The chairman of the First Aid Committee at the time, Baker asked longtime Huntington Beach Fire Chief Ray Picard if an ambulance service could be started. At the time, the paramedic program was new in Los Angeles County, but hadn’t made its way south yet.

The “Emergency!” television show, about two paramedics and firefighters who work in Los Angeles, was popular throughout much of the 1970s. Baker, who became fire captain in 1970, helped make it happen in real life in Orange County.

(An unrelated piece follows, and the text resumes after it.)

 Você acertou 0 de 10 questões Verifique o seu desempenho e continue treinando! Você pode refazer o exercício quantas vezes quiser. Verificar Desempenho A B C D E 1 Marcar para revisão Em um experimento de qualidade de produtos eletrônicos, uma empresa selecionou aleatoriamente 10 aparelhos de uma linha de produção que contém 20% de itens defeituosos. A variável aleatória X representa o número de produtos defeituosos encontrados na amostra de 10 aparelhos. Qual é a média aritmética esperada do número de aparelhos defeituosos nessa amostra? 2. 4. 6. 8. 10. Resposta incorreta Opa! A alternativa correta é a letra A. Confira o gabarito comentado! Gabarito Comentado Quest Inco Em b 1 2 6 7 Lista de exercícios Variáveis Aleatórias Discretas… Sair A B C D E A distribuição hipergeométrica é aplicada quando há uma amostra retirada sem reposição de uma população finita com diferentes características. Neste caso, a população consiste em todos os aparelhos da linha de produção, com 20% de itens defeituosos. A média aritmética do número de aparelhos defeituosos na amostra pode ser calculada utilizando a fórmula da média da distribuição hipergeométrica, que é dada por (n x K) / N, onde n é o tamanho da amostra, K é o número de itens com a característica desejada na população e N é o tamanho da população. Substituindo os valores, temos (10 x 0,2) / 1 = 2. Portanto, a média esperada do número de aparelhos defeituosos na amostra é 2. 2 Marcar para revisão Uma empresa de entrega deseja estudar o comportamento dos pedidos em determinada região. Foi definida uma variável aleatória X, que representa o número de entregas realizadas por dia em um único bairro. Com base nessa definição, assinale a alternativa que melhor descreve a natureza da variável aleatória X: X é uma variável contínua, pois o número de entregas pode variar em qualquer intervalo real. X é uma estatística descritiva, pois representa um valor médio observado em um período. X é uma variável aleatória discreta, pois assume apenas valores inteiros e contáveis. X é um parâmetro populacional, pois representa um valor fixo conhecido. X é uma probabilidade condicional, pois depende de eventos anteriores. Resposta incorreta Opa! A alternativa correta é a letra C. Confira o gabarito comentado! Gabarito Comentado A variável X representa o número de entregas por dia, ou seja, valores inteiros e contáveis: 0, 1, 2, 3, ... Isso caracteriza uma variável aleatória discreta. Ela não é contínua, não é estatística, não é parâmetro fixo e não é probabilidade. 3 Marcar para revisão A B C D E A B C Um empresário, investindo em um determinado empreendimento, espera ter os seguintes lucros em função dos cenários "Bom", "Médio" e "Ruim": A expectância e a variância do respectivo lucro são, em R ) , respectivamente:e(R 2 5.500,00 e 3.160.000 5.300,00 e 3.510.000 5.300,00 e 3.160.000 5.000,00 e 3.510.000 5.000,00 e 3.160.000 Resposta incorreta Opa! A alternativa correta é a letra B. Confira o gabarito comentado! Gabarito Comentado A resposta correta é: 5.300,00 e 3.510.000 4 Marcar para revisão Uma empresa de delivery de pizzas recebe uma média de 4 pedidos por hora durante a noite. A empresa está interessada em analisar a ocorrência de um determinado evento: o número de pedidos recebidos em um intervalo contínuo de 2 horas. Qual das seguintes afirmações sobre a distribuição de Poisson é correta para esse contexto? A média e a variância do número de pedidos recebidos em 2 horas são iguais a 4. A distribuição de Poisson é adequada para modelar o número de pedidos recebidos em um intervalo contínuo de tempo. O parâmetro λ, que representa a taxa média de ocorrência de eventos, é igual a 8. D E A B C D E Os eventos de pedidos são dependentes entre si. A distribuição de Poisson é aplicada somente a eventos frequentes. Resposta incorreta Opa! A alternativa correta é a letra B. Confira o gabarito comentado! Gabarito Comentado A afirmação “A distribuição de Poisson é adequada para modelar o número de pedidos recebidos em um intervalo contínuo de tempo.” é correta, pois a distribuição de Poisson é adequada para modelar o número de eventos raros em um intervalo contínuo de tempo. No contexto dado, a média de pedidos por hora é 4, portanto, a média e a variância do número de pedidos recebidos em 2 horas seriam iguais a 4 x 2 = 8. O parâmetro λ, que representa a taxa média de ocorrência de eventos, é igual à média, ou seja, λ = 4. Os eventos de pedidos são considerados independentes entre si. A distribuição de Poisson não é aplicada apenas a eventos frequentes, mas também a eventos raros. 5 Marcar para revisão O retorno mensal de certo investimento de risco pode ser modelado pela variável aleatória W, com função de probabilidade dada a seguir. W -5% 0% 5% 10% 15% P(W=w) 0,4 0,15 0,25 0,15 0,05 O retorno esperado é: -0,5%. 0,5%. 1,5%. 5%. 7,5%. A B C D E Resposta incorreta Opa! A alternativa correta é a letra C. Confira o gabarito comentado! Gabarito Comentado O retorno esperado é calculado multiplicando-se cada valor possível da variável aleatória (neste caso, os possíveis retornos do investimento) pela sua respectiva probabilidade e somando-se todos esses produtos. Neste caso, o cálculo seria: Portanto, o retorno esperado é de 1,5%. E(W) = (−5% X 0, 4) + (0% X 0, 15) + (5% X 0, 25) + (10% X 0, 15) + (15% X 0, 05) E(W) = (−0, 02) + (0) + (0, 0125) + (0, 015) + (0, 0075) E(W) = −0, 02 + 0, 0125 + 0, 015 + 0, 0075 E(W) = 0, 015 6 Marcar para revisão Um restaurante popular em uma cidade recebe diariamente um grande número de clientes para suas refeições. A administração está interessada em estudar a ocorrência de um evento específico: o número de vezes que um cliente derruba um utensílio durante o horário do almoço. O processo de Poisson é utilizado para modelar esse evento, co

“I did the research and wrote a paper, turned it in to the fire chief,” he said. “All of the fire chiefs in the county had their monthly meeting, and decided to get a committee going.”

Brett Morehead, who worked for HBFD for 33 years and had Baker as his first captain, still remembers this time well.

“Bob loved the fire service,” Morehead said. “He worked extremely hard. Even before the medics, he was involved in training, whether it was officially or coming up with different programs. He just loved the fire department.”

Baker became a staff officer in charge of the paramedic program until he was injured in a freak elevator accident at City Hall in 1977, one that led to four back surgeries and a stimulater implant. But even after his consequential retirement from HBFD, he made a difference.

He was a Santa Ana College Fire Academy commander for a few years before becoming a civilian training officer for the Santa Ana city fire department.

Baker retired in 2001. In recent years he joined “Angel’s Army,” led by Vietnam War veteran Angel Cortez out of Calvary Chapel Beachside church in Huntington Beach. The group went to feed the military at different events, until Baker said it was slowed — but not stopped entirely — when Cortez passed away due to COVID-19 during the pandemic.

The giving nature comes naturally to Baker, who gets around his home off Newland Street with a walker. He has experienced still more loss on a personal level.

Though some of Baker’s siblings remain alive, he lost his wife of 51 years, Linda, about a decade into retirement. Two of his three children have also died.

Rob, his son, currently lives with Baker and helps take care of him.

“He’s just pretty much a good guy,” Rob said. “Very humble, though.”

Martha Danell, 82, met Baker at a fellowship gathering in his backyard. He was once known for those, inviting people over on Sunday afternoons after church.

When Danell’s husband died in 2016, Baker was there to help with the grief.

“Bob is a first responder at heart,” she said. “He has a gift for recognizing people that are hurting and need help, and that’s very highly developed in him … He supported me through one of the hardest times of my life. He and his home were a sanctuary for me. I value his friendship more than I can say.”

Baker doesn’t get overly sentimental about his life, but he realizes how full it has been. He wrote a manuscript for his children and three grandchildren detailing some of his experiences and how he believes God led him through them.

Shortly after the paramedic van was put into service in 1973, a 7-year-old girl named Tracy also nearly died via drowning. She was actually clinically dead when paramedics arrived on the scene, Baker said, but they successfully resuscitated and stabilized her.

Baker didn’t think it was a coincidence that both Troy and Tracy’s cases involved drowning.

The progress was tangible, but he has continued to work in the decades that have followed.

“He’ll never change,” Danell said. “Bob is going to be helping people with his last breath because that’s who he is. He can’t be anything else.”